Task to carry out:
Please retype every entry, keeping each one exactly as written.

Data for this exercise:
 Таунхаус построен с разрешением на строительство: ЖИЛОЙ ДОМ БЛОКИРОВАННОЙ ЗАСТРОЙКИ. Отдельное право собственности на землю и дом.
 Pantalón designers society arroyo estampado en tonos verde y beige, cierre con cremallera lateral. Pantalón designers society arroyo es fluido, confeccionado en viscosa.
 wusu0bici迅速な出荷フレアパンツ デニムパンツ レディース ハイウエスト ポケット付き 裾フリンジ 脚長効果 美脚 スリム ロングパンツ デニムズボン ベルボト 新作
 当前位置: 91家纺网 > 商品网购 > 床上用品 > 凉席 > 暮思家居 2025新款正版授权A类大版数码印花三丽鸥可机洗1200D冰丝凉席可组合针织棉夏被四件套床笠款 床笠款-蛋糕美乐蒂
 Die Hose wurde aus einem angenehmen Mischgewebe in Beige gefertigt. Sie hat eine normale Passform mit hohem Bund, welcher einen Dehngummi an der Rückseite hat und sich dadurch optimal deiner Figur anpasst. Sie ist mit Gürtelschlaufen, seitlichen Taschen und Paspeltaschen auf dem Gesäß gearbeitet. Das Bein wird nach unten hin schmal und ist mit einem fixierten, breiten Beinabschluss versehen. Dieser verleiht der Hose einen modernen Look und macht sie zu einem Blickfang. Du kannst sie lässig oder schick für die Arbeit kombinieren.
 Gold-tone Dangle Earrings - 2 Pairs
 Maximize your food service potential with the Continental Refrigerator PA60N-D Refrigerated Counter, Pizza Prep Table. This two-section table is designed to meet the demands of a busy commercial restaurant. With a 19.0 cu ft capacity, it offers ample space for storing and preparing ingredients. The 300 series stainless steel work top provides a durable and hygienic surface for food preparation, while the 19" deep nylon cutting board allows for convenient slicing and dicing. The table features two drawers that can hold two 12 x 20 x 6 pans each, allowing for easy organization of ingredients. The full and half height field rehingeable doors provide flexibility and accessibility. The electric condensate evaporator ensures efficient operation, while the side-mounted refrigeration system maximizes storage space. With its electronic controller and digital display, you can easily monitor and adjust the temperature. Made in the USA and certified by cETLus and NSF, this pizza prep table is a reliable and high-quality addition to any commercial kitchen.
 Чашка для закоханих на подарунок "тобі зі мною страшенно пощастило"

Solution to this exercise:
 Таунхаус построен с разрешением на строительство: ЖИЛОЙ ДОМ БЛОКИРОВАННОЙ ЗАСТРОЙКИ. Отдельное право собственности на землю и дом.
 Pantalón designers society arroyo estampado en tonos verde y beige, cierre con cremallera lateral. Pantalón designers society arroyo es fluido, confeccionado en viscosa.
 wusu0bici迅速な出荷フレアパンツ デニムパンツ レディース ハイウエスト ポケット付き 裾フリンジ 脚長効果 美脚 スリム ロングパンツ デニムズボン ベルボト 新作
 当前位置: 91家纺网 > 商品网购 > 床上用品 > 凉席 > 暮思家居 2025新款正版授权A类大版数码印花三丽鸥可机洗1200D冰丝凉席可组合针织棉夏被四件套床笠款 床笠款-蛋糕美乐蒂
 Die Hose wurde aus einem angenehmen Mischgewebe in Beige gefertigt. Sie hat eine normale Passform mit hohem Bund, welcher einen Dehngummi an der Rückseite hat und sich dadurch optimal deiner Figur anpasst. Sie ist mit Gürtelschlaufen, seitlichen Taschen und Paspeltaschen auf dem Gesäß gearbeitet. Das Bein wird nach unten hin schmal und ist mit einem fixierten, breiten Beinabschluss versehen. Dieser verleiht der Hose einen modernen Look und macht sie zu einem Blickfang. Du kannst sie lässig oder schick für die Arbeit kombinieren.
 Gold-tone Dangle Earrings - 2 Pairs
 Maximize your food service potential with the Continental Refrigerator PA60N-D Refrigerated Counter, Pizza Prep Table. This two-section table is designed to meet the demands of a busy commercial restaurant. With a 19.0 cu ft capacity, it offers ample space for storing and preparing ingredients. The 300 series stainless steel work top provides a durable and hygienic surface for food preparation, while the 19" deep nylon cutting board allows for convenient slicing and dicing. The table features two drawers that can hold two 12 x 20 x 6 pans each, allowing for easy organization of ingredients. The full and half height field rehingeable doors provide flexibility and accessibility. The electric condensate evaporator ensures efficient operation, while the side-mounted refrigeration system maximizes storage space. With its electronic controller and digital display, you can easily monitor and adjust the temperature. Made in the USA and certified by cETLus and NSF, this pizza prep table is a reliable and high-quality addition to any commercial kitchen.
 Чашка для закоханих на подарунок "тобі зі мною страшенно пощастило"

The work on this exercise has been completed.